Una sola e sempre la medesima parola, filìa, questa benevolenza reciproca, che fa in modo che tutti i galantuomini del mondo siano amici anche prima di conoscersi. Oggi siamo lontani anni luce con tutte le forme di razzismo, chiusura culturale a migranti, terzo e quarto mondo.

Conclusione
          Ho il piacere di potervi omaggiare di questo piccolo mio libricino dal titolo PERCHE’ LA VIOLENZA, disponibile anche in inglese sul mio sito. Questo scritto prende origine da una riflessione che ho voluto fare sulle profonde e complicate origini della violenza umana, la vera grande malattia dell’umanità della quale nessuno è mai venuto a capo. La lettura di tutte le paginette non prende più di un’ora, e io vi chiedo di dedicare questo tempo per una serena riflessione sul perché della violenza, di come si può analizzare e capire per poterne uscire.
Anche in questo scritto la figura di Pitagora emerge chiaramente dalle brume della storia e ammonisce che l’uscita dalla violenza è possibile se si guarda alla vita e ai suoi problemi con audacia e benevolenza: Pitagora iniziò la sua straordinaria avventura umana prendendo le difese di un cane bastonato.
Quello che ieri era impossibile oggi è diventato possibile con l’impegno, lo studio e l’impiego delle risorse necessarie: pensiamo al volo umano, uno dei grandi sogni dell’umanità, oggi finalmente realizzato.
Il libricino si chiude con la proposta per la creazione di un’università planetaria, dove si radunino le migliori menti per lo studio e la decifrazione dei meccanismi che generano violenza e morte. Oggi non esiste una sola facoltà in nessuna parte del mondo che si occupi della violenza. Questa terra, la nostra terra, fu la Magna Grecia e al sol pensiero si accresce in ognuno di noi la frustrazione e il disincanto per la decadenza e la miseria del presente. Eppure io sono convinto che una grande civiltà può rinascere dove è già nata, e in questo senso il Meridione è il posto prediletto dalla storia. Sembra un sogno, ma è proprio un grande sogno che serve all’umanità per uscire dall’incubo del presente.

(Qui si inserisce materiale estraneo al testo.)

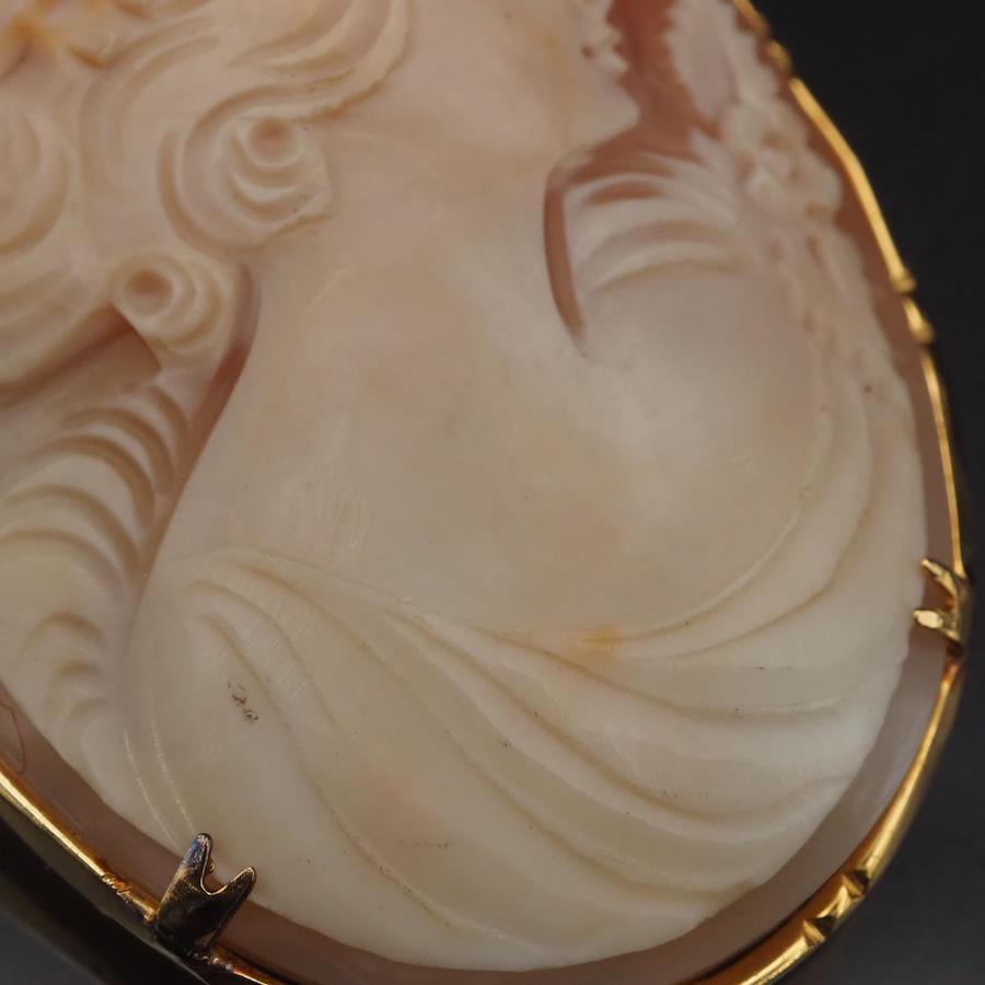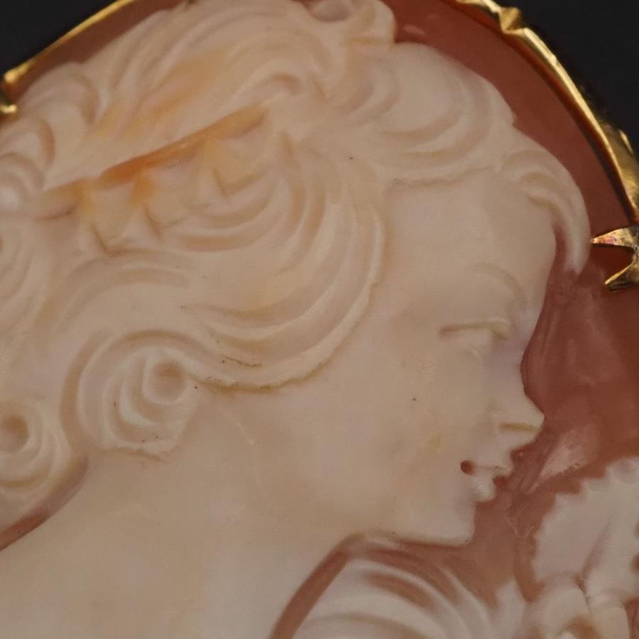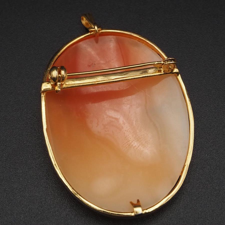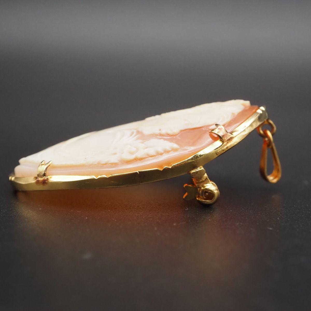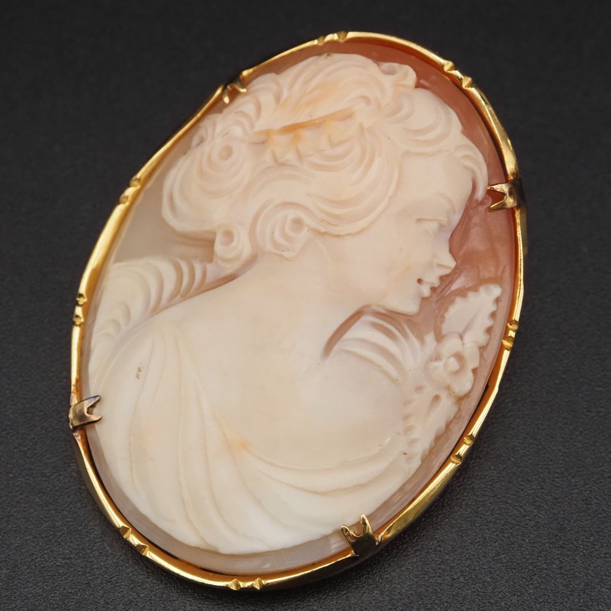 J507 シェルカメオ 作家サイン有 ブローチ 女性横顔 ゴールド デザイン ヴィンテージ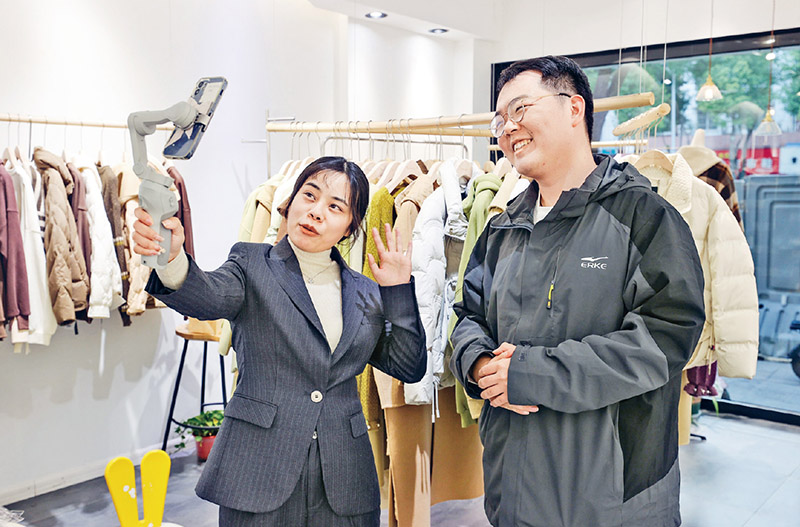 圖為2022年11月30日,在烈士塔社區(qū)一家商鋪內(nèi),網(wǎng)絡(luò)直播主播在幫助商戶(hù)開(kāi)展直播帶貨。 南京市浦口區(qū)融媒體中心供圖 王俊/攝

Voi siete medici, e come tali siete la classe più influente di tutto il Meridione il quale soffre non tanto per problemi di politica, ma di perdita di cultura, di distacco dalle proprie nobili origini. Io credo che noi dobbiamo riprendere la capacità di sognare, la grande utopia, quel filo di Arianna che unisce Italo a Pitagora, Gioacchino da Fiore a San Francesco di Paola, Campanella a Giordano Bruno. Questa sogno ininterrotto è la filosofia perenne che scorre nelle nostre vene. Noi dobbiamo ascoltare il nostro profondo cuore magnogreco per realizzare il sogno dei sogni, la fine della violenza. Vi chiedo perciò di riflettere e vi ripropongo caldamente l’apertura della Nuova Scuola Pitagorica qui, a Crotone, come ho già avuto occasione di dire un mese fa, per raccogliere l’eredità dell’antica scuola e segnare la fine della violenza.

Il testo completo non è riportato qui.